Но что за вид был у этих незаурядных по эклектике храмов в наше время - что
за дичайшая тоска сыпалась из щелей и трещин белокаменной облицовки,
пялилась из пустых зарешеченных окон без единого стекла, слала глумливую
ухмылку с безобразных мест отбитых носов или даже целиком стесанных лиц у
храмовых статуй апостолов. О, как дико смотрелась ободранная крыша главного
придела на соборе ложнобарочного происхождения, куда можно было забраться по
тесному ходу в толще стены, похожему на пещеру в катакомбах. Выбираешься на
земляную площадку (это бывшая крыша!), где зеленеет лужок, цветут желтые
одуванчики, задумчиво покачиваются березки и тонкие рябины. Да что там
рябины да березки на церквах - картина самая распространенная по всей
христианской Руси того периода, - однажды мы, Анна да Валентин, нашли у
самого края карниза одиноко торчавший круглоголовый палевый подберезовик!
А вокруг двухрамового комплекса по отлогим холмам, заросшим садовыми
деревьями и высокими соснами, лепилась провинциальная ностальгическая
архитектура - классические ветходворянские сооружения с приветливым
мезонином, двухэтажные мещанские дома, нижний этаж которых был каменным, а
верхний - деревянным, с кружевной резьбою наличников на окнах, с
физиономиями довольства и выражением лесной силы в осанке, со смуглым
колоритом смолистых бревенчатых срубов - коричневым румянцем во все лицо,
как у баб на полотнах живописца Патрикеева. Очень похожими на пожилых, но
еще крепких патрикеевских баб казались мне эти старинные дома в городке!
Кстати, недалеко отсюда он и жил, оказывается. Мы с Анной все собирались
съездить на каникулах в его края, да так и не собрались, не успели. То были
заняты выяснением наших отношений, ссорами и примирениями, то на машине
уезжали в Москву или на юг, в далекий Крым.

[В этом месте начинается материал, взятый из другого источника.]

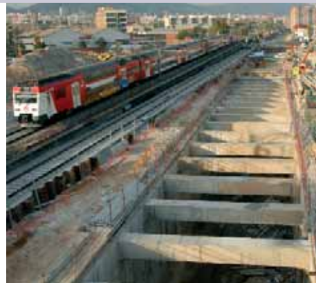
És evident que les grans infraestructures avancen

El 2008 també serà l'any en el qual avancin molt les obres del metro de Barcelona. Les estacions i els traçats més avançats han de comportar una millora important per a la mobilitat en barris molt populars; el dubte que tenim pel que fa a traçats és tot el que
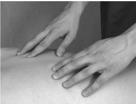
15 | Круговое попеременное растирание

тирание опорной частью кисти (рис. 14) применяется при массаже крупных мышц: спины, ягодиц, бедер. Данный прием необходимо проводить таким об-
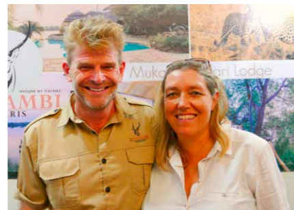
Leven in de bush met een eigen lodge. Zij deden het.

"When is the pick up? When they come!!" Mijn Indiase reisgenoot snapt het helemaal. Tijd is hier rekbaar. Of, zoals wordt gezegd: "We have the watch, they have the time." Zambia hoort bij die landen in Afrika waar reizen nog avontuur is. Waar een planning makkelijk verandert en waar mensen en wilde dieren gezamenlijk het land delen. Zambia ligt letterlijk midden in Afrika. Iets ten zuiden van de evenaar. De big five leeft hier - en niet achter een

А если и выпадало наконец
свободное время для посещения Патрикеева, то ломалась вдруг у Анны машина.
А когда ломалась у меня машина, то нормальной жизни приходил конец, - не то
чтобы я очень уж любила машину, но словно нападала на меня какая-то болесть,
я становилась сама не своя, вся издергивалась, ночей не спала, всех вокруг
себя изводила, не кормила обедами дитя свое и мужа, никаких денег не жалела,
шла на любые затраты и унижения, чтобы только починили мою машину. Если
снова начинала греметь цепь механизма газораспределения, не поддаваясь
больше регулировке, или двигатель глох на малых оборотах, то я доходила
почти до умоисступления, даже впадала во временную фригидность и злобно
отказывала мужу в супружеских ласках.
Станция техобслуживания раньше находилась в нашем же городке, на самой его
окраине, недалеко от речки, там, где перед мостом городскими властями был
построен замечательный указатель. Это было монументальное железное
изображение гуся, что круто взлетал к небесам, в струнку вытянув свою
длинную шею и клюв, - наша река ведь называлась Гусь. Миновав вырезанную при
помощи электросварки упомянутую многотонную птицу, сразу же за мостом
располагалось в те добрые времена предприятие СТО (станция технического
обслуживания), окруженное неровным забором из какого-то металлического
дреколья, ржавых труб, наспех затянутых металлической же сеткой. О, сколько
раз приходилось мне подъезжать к воротам этого авторитетного технического
капища, сколько часов своей прекрасной жизни, жизни красавицы и умницы,
сожгла я в вонючей курилке ремонтного цеха, куда по блату допускали меня
мастера авторемонта - знакомые слесари, жестянщики, маляры, - чтобы я там
сидела, пока ремонтируют мою машину, до одурения смолила одну сигарету за
другой и ждала, ждала!..
Собственно, в подобном ожидании проходила и вся остальная наша жизнь в этом
городе - вот скоро нам сделают машину, мы сядем наконец в нее и уедем...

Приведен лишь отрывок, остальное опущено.